GM@mTG-V microspheres promote NP regeneration by reconstructing IVD biomechanics and inflammatory microenvironment.

作者信息

Gao Rong, Zhang Yongfeng, Deng Bo, Zhang Jiawei, Liang Zhuowen, Wei Zhao, Xu Feng, Ding Tan

机构信息

Department of Orthopedics, Xijing Hospital, The Fourth Military Medical University, Xi'an, Shaanxi 710032, China.

Bioinspired Engineering and Biomechanics Center (BEBC), Xi'an Jiaotong University, Xi'an, 710049, China.

出版信息

Mater Today Bio. 2025 May 23;32:101897. doi: 10.1016/j.mtbio.2025.101897. eCollection 2025 Jun.

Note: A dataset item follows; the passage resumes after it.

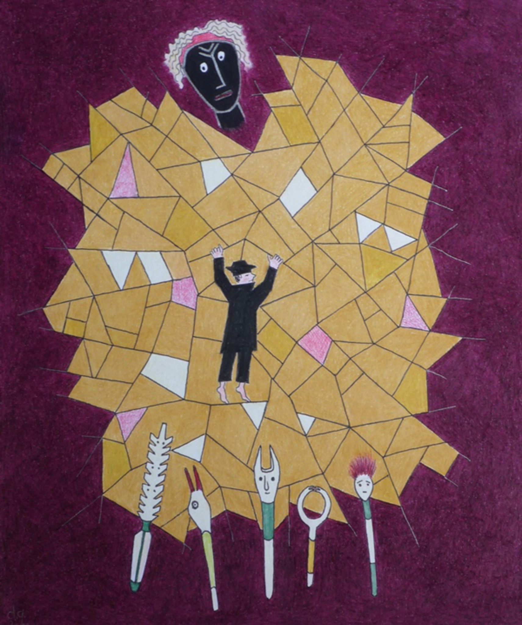 Wit Abstract Geel Oker Man Geest Figuren Attributen Aubergine

DOI:10.1016/j.mtbio.2025.101897
PMID:40502369
原文链接:https://pmc.ncbi.nlm.nih.gov/articles/PMC12152893/
Abstract

Intervertebral disc degeneration (IVDD) has emerged as a significant global public health challenge, imposing substantial burdens on both individuals and society. Growing evidence suggests that modulating the mechanical microenvironment and alleviating inflammation in degenerated IVDs can promote tissue regeneration. In this study, we integrated natural pharmaceuticals with tissue engineering strategies to develop functionalized microspheres (GM@mTG-V) through microfluidic synthesis, where vanillin - a natural compound with anti-inflammatory and antioxidant properties - was polymerized with gelatin methacryloyl (GelMA, composed of gelatin derived from methyl acrylamide and methacrylate groups). In vitro, the functionalized microspheres not only enhanced vanillin release efficiency but also effectively suppressed inflammatory responses and oxidative stress in nucleus pulposus (NP) cells. By dynamically regulating matrix stiffness, these microspheres could remodel the mechanical microenvironment of degenerated IVD, significantly promoting extracellular matrix (ECM) secretion. In vivo, both 4 week and 8 week IVDD models demonstrated that GM@mTG-V markedly reduced tissue inflammation, accelerated ECM accumulation, and restored IVD structure, as confirmed by radiographic and histological analyses. This study verifies that GM@mTG-V promotes regeneration of degenerated IVD through dual mechanisms: stabilizing mechanical matrix stiffness and suppressing inflammatory microenvironments, providing a novel and promising therapeutic strategy for early stage IVDD.

摘要

椎间盘退变(IVDD)已成为一项重大的全球公共卫生挑战,给个人和社会都带来了沉重负担。越来越多的证据表明,调节退变椎间盘的力学微环境并减轻炎症可促进组织再生。在本研究中,我们将天然药物与组织工程策略相结合,通过微流控合成技术制备了功能化微球(GM@mTG-V),其中香草醛(一种具有抗炎和抗氧化特性的天然化合物)与甲基丙烯酰化明胶(GelMA,由甲基丙烯酰胺和甲基丙烯酸酯基团衍生的明胶组成)聚合。在体外,功能化微球不仅提高了香草醛的释放效率,还能有效抑制髓核(NP)细胞中的炎症反应和氧化应激。通过动态调节基质硬度,这些微球可以重塑退变椎间盘的力学微环境,显著促进细胞外基质(ECM)分泌。在体内,4周和8周的IVDD模型均表明,GM@mTG-V显著减轻了组织炎症,加速了ECM积累,并恢复了椎间盘结构,影像学和组织学分析证实了这一点。本研究证实,GM@mTG-V通过稳定力学基质硬度和抑制炎症微环境这两种机制促进退变椎间盘再生,为早期IVDD提供了一种新颖且有前景的治疗策略。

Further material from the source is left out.